About this task.
Your task is to copy the listing exactly. Drop any pictures from the copy.

══════════

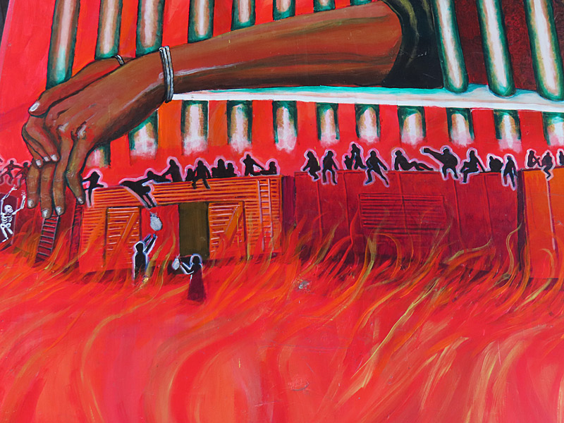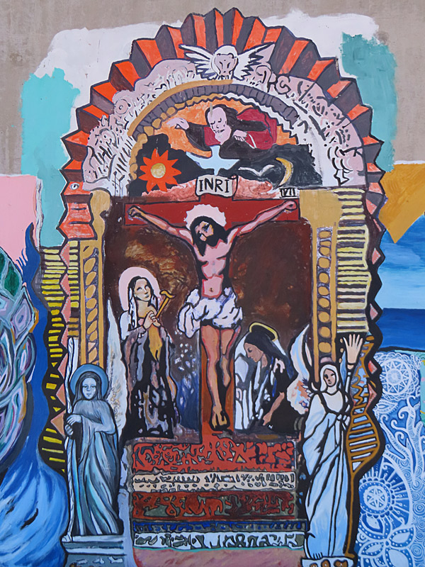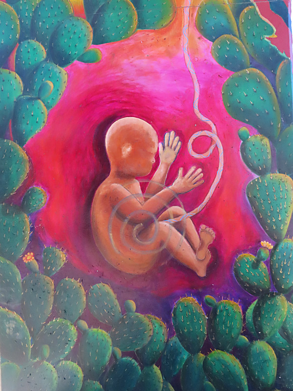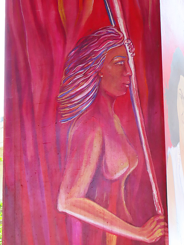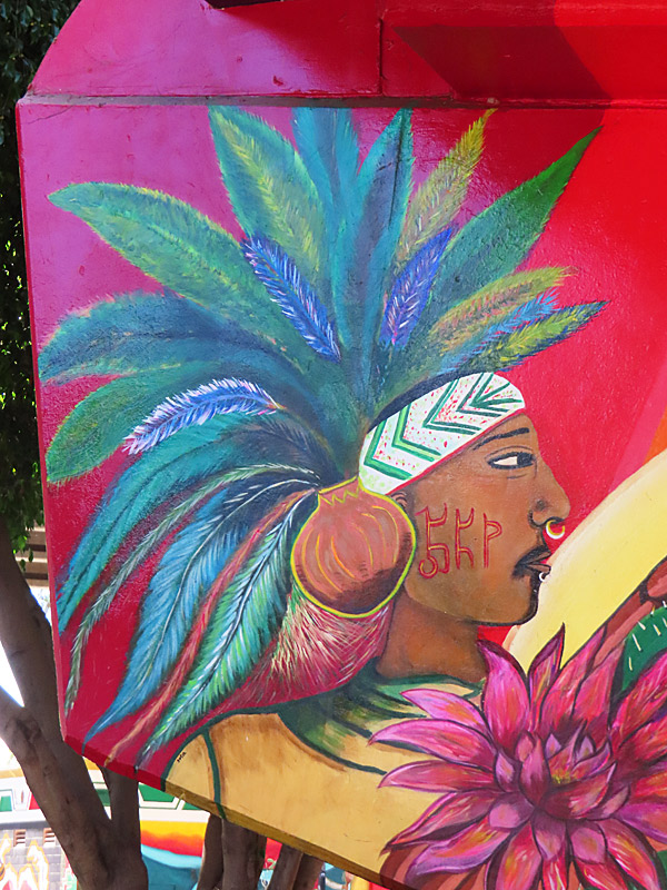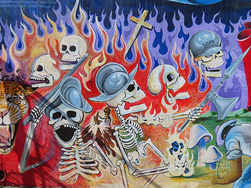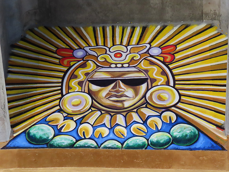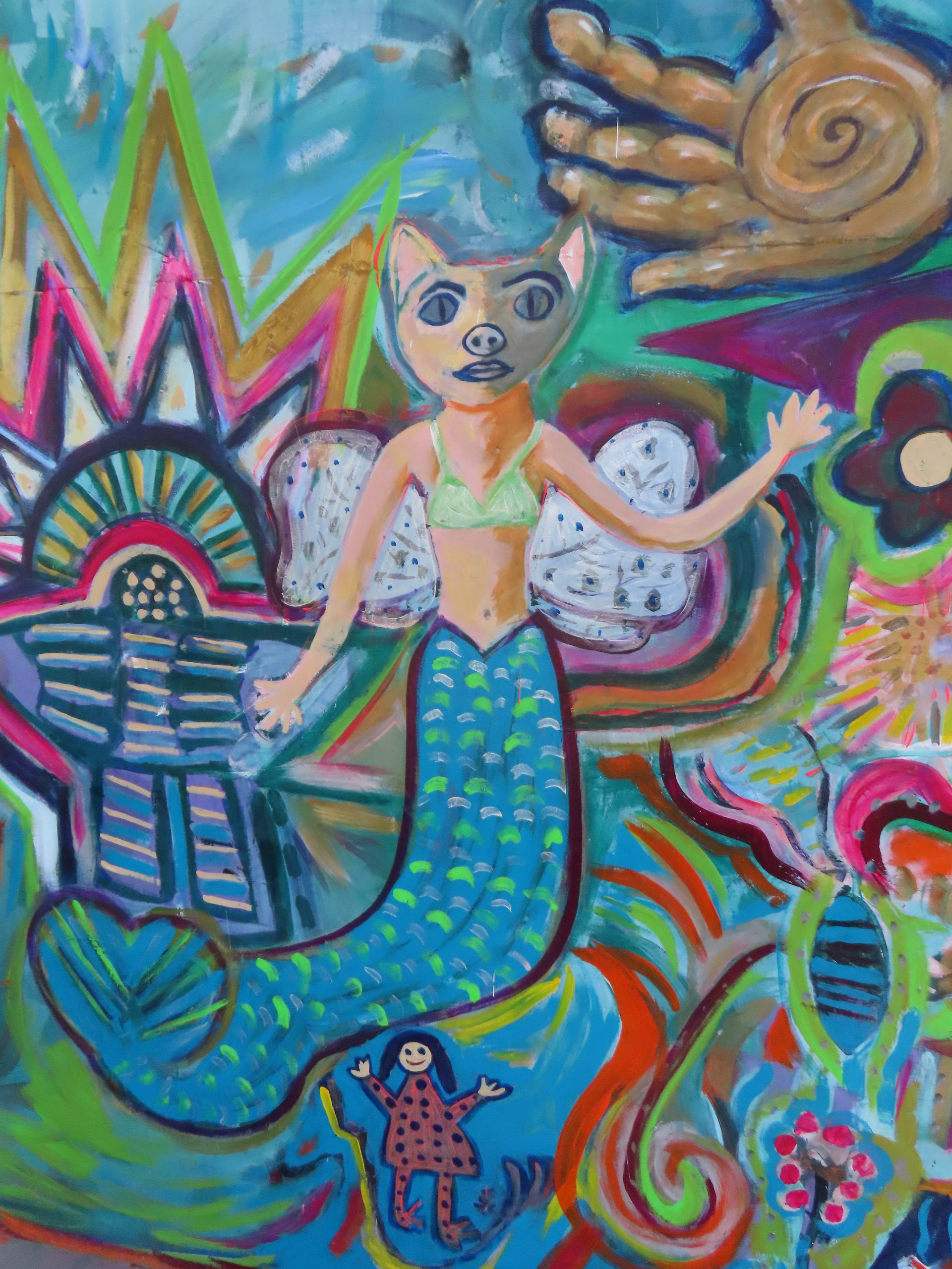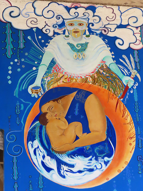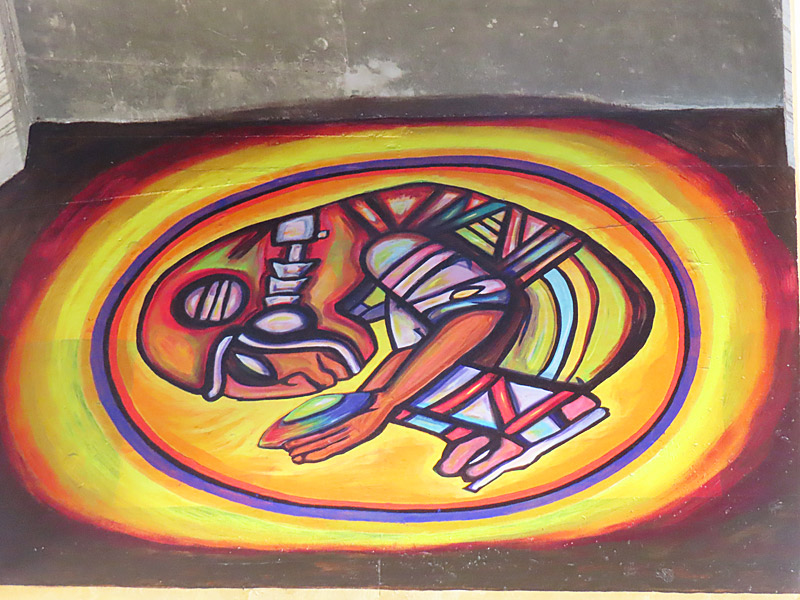 The theme of the art is the history and tradition of the Barrio Logan neighborhood in San Diego.
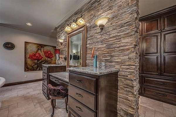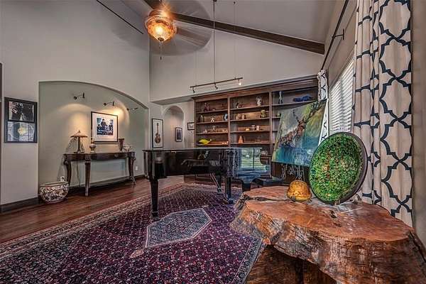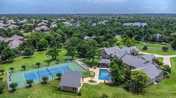 Exquisite home on 5 acres at Coffee Creek and Santa Fe in Woodhill Addition. This home was originally built in 1978. After a tornado hit, it was added on to and approx. 2/3 of the house was redone in 2012. Blueprints available. A cabana with outdoor kitchen, sparkling pool, 658 sq. ft. pool house not included in the sq. ft. with a full kitchen, bath, a wet dry sauna, and the pool table stays, sport court for tennis, pickle ball, basketball and shuffleboard, and a 404 sq. ft. workshop. Larger workshops are allowed. Horses and barns are also allowed. A circle drive and porte-cochere, and a 4-car side garage leaves plenty of room for extra parking. The sprinkler system covers the 5 acres, and it along with the pool are on well water. The house is on City of Edmond water and utilities. There is a formal living room, study/library, family room, music room, hobby room with exterior ventilation, workout room, and an additional sitting area off of guest bedroom. There are 4.5 baths in the main home, and one in the pool house. All bedrooms are large with access to a bathroom. Bedrooms 2 and 3 share a Jack and Jill bath with an additional laundry facility. One bedroom and bath are upstairs. Inside you will find soaring, beamed ceilings, wood flooring, and lighted insets to display your artwork. There is a double-sided fireplace between the living and formal dining. A butler's pantry off of formal dining will hold all of your beautiful glassware. There is a large media room with a projector and screen that stays with the home. Truly a chef's gourmet kitchen with Wolf, Sub Zero, and Kitchen Aide appliances. The primary suite has a cozy fireplace, his and her closets, a double vanity, a makeup vanity, beautiful soaking tub, and large walk-in shower. Tons of storage in this home including 1900 sq. ft. of storage off of the upstairs landing. Storm shelter. The house and cabana got a new roof in October of 2025 This home has been well loved and will be missed
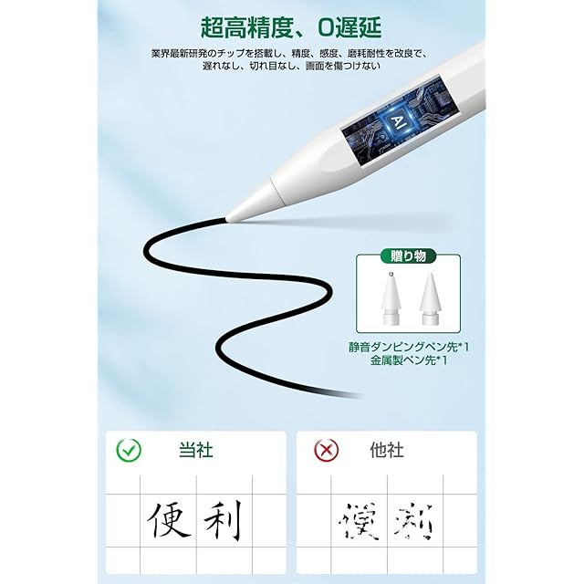 【パームリジェクション・傾きを感知】誤作動防止と傾きを感知機能が搭載されていますので、手のひらをiPadスクリーンに置いて心地良く描けます、チップの配置角度によって線の太さを動的に調節することがで鉛筆のように楽に使えます!特製ペン先は手軽に交換でき、Apple pencil(1/2)互換性があり、幅広く使えます。
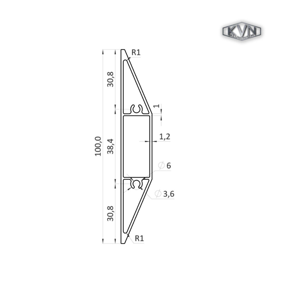 Hliníkový profil lichoběžník 100x16mm, na výplň, AL-LAL-6
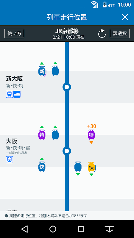 Per le linee convenzionali, i treni espressi limitati e Shinkansens all'interno della giurisdizione di JR West, vi è un ritardo di oltre 15 minuti per più treni sulla rotta registrata dal cliente (più di 10 minuti per l'ora di punta mattutina nell'area di Keihanshin, Sanyo Shinkansen e Hokuriku Shinkansen) Ti informeremo delle informazioni sull'operazione tramite notifica push quando si verifica o è previsto. Oltre al percorso, all'ora e allo stato di guida, se puoi controllare lo stato, puoi anche controllare la sezione interessata, la causa, il tempo di ripresa stimato quando la guida è sospesa e l'implementazione del trasferimento di trasferimento. Inoltre, è possibile controllare la posizione di marcia dei singoli treni su alcuni percorsi.
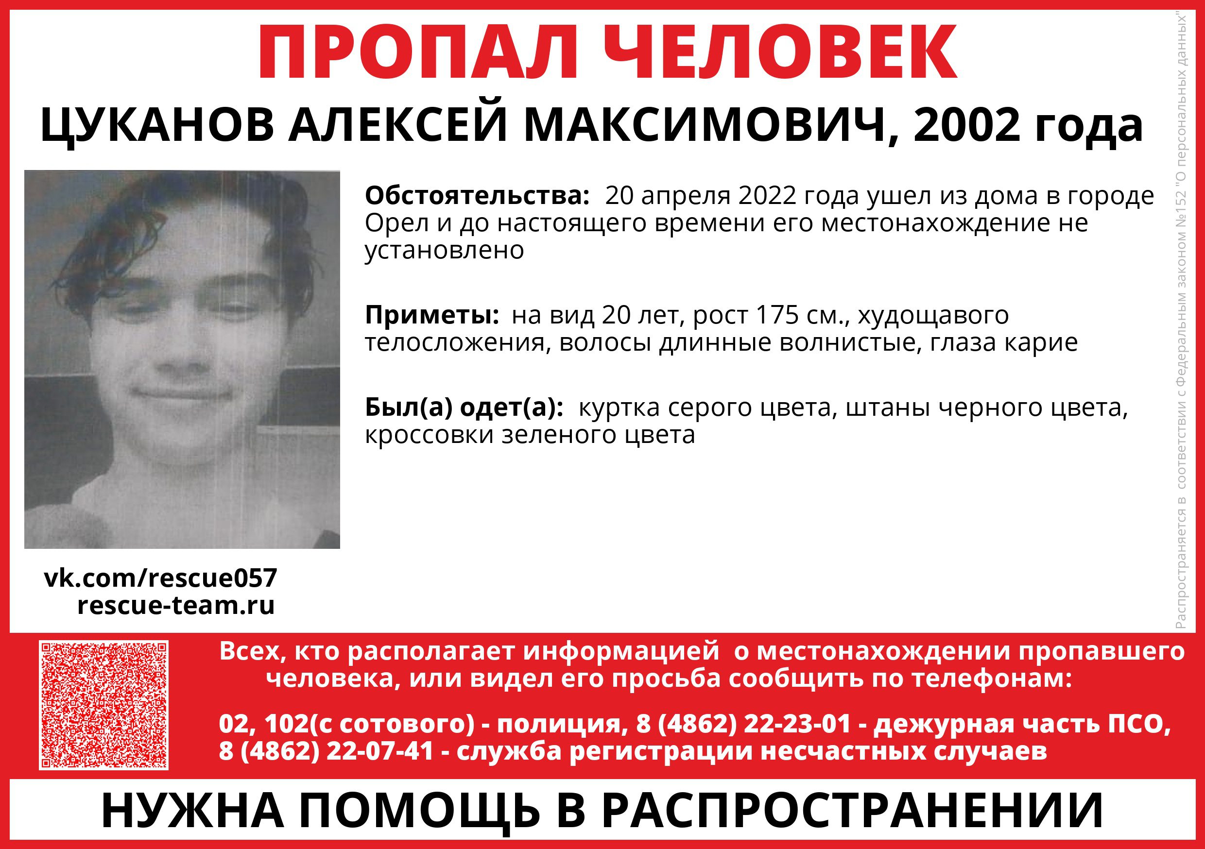 Центр поиска пропавших людей Орловской области разместил ориентировку с его фотографией. На вид молодому человеку 20 лет, рост 175 сантиметров, глаза карие, волосы длинные и волнистые. В момент исчезновения Алексей был одет в серую куртку с капюшоном, чёрные штаны и зелёные кроссовки.

══════════

Answer to this problem.
 The theme of the art is the history and tradition of the Barrio Logan neighborhood in San Diego.
 Exquisite home on 5 acres at Coffee Creek and Santa Fe in Woodhill Addition. This home was originally built in 1978. After a tornado hit, it was added on to and approx. 2/3 of the house was redone in 2012. Blueprints available. A cabana with outdoor kitchen, sparkling pool, 658 sq. ft. pool house not included in the sq. ft. with a full kitchen, bath, a wet dry sauna, and the pool table stays, sport court for tennis, pickle ball, basketball and shuffleboard, and a 404 sq. ft. workshop. Larger workshops are allowed. Horses and barns are also allowed. A circle drive and porte-cochere, and a 4-car side garage leaves plenty of room for extra parking. The sprinkler system covers the 5 acres, and it along with the pool are on well water. The house is on City of Edmond water and utilities. There is a formal living room, study/library, family room, music room, hobby room with exterior ventilation, workout room, and an additional sitting area off of guest bedroom. There are 4.5 baths in the main home, and one in the pool house. All bedrooms are large with access to a bathroom. Bedrooms 2 and 3 share a Jack and Jill bath with an additional laundry facility. One bedroom and bath are upstairs. Inside you will find soaring, beamed ceilings, wood flooring, and lighted insets to display your artwork. There is a double-sided fireplace between the living and formal dining. A butler's pantry off of formal dining will hold all of your beautiful glassware. There is a large media room with a projector and screen that stays with the home. Truly a chef's gourmet kitchen with Wolf, Sub Zero, and Kitchen Aide appliances. The primary suite has a cozy fireplace, his and her closets, a double vanity, a makeup vanity, beautiful soaking tub, and large walk-in shower. Tons of storage in this home including 1900 sq. ft. of storage off of the upstairs landing. Storm shelter. The house and cabana got a new roof in October of 2025 This home has been well loved and will be missed
 【パームリジェクション・傾きを感知】誤作動防止と傾きを感知機能が搭載されていますので、手のひらをiPadスクリーンに置いて心地良く描けます、チップの配置角度によって線の太さを動的に調節することがで鉛筆のように楽に使えます!特製ペン先は手軽に交換でき、Apple pencil(1/2)互換性があり、幅広く使えます。
 Hliníkový profil lichoběžník 100x16mm, na výplň, AL-LAL-6
 Per le linee convenzionali, i treni espressi limitati e Shinkansens all'interno della giurisdizione di JR West, vi è un ritardo di oltre 15 minuti per più treni sulla rotta registrata dal cliente (più di 10 minuti per l'ora di punta mattutina nell'area di Keihanshin, Sanyo Shinkansen e Hokuriku Shinkansen) Ti informeremo delle informazioni sull'operazione tramite notifica push quando si verifica o è previsto. Oltre al percorso, all'ora e allo stato di guida, se puoi controllare lo stato, puoi anche controllare la sezione interessata, la causa, il tempo di ripresa stimato quando la guida è sospesa e l'implementazione del trasferimento di trasferimento. Inoltre, è possibile controllare la posizione di marcia dei singoli treni su alcuni percorsi.
 Центр поиска пропавших людей Орловской области разместил ориентировку с его фотографией. На вид молодому человеку 20 лет, рост 175 сантиметров, глаза карие, волосы длинные и волнистые. В момент исчезновения Алексей был одет в серую куртку с капюшоном, чёрные штаны и зелёные кроссовки.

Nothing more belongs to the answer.